When choosing plastic or glass panels, you should consult a professional to ensure that the cover chosen is capable of filtering out 90% or more of incoming UV radiation. A cover with UV filtering capabilities will not look different from a normal frame, but has added benefits for the preservation of the artwork. In fact, museums have specially made UV plastic frames that not only can protect from UV rays, but also reduce refraction and reflection, allowing for an optimal viewing experience from museum patrons. 

When choosing cardboard for “Cardboard frame mounting” methods, the best option is to choose acid-free cardboard, which has neutral or very weak alkaline properties. This prevents acid degradation, and will not affect the appearance of paper-based artwork.

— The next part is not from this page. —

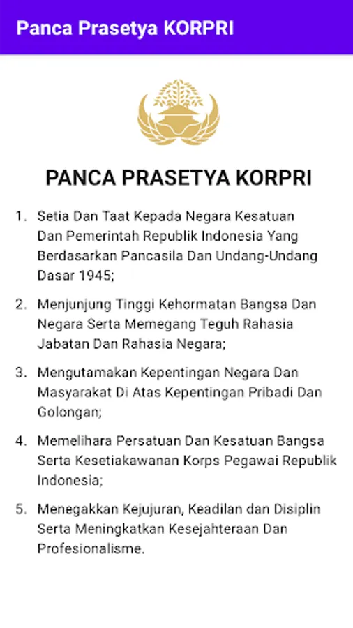 The Panca Prasetya KORPRI App is an application for viewing Panca Prasetya KORPRI texts
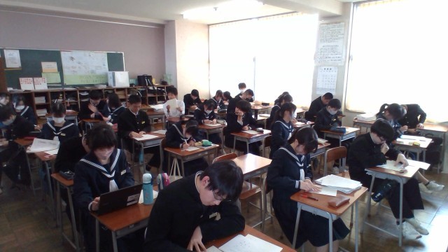 3年学活では、これまでお世話になった方に感謝の手紙を書きました。もうすぐ卒業です。卒業式では、3年生の立派に成長した姿を楽しみにしています。

If your artwork is very valuable, every element of framing and mounting must be meticulously selected. For example, the acidity and alkalinity of the glue and cardboard, as well as the method with which the artwork is adhered to the grame can affect its value. This subject will be covered in the future. 

Painted Artworks:

As mentioned before, controlling the lighting, radiation, temperature, and humidity can reduce the rate at which the painting ages. Additionally, using different framing methods can protect the painting. However, another aspect of protection comes from the painting itself, which is to add a layer of protective varnish in order to strengthen the painting, lengthening its lifespan. With varnishing, protecting it with plastic or glass frames may not be necessary, as it may hinder the enjoyment of the painting. However, this is at the discretion of the individual as there are a few ways that paintings can be displayed. 

One method is to use the tray frame, an L shaped frame that ensures that the edges of the frame will not touch the painting, protecting all 4 sides. 

The traditional framing method uses a common frame and can be fitted with a plastic or glass  for additional protection. However, due to its typical wood composition, it can produce acidic by-products when interacting with its environment. Thus, it is recommended that paintings are kept at a distance from their frames in order to prevent deterioration. However, if the desired visual effect is for the edge of the painting to be in contact with the frame, one can consult a professional in framing to treat the edges of the frame with linen or specialised tape to ‘separate’ the frame and painting. 

Paintings must be stored in a humidity-free environment. If the painting is not dry, but is stored behind a glass / plastic panel, it is advised that the back is left open, so the painting can still be aerated. 

In conclusion, protecting artwork can be done in two main ways: adjusting its environment (including temperature, humidity, and lighting), as well as its framing and mounting.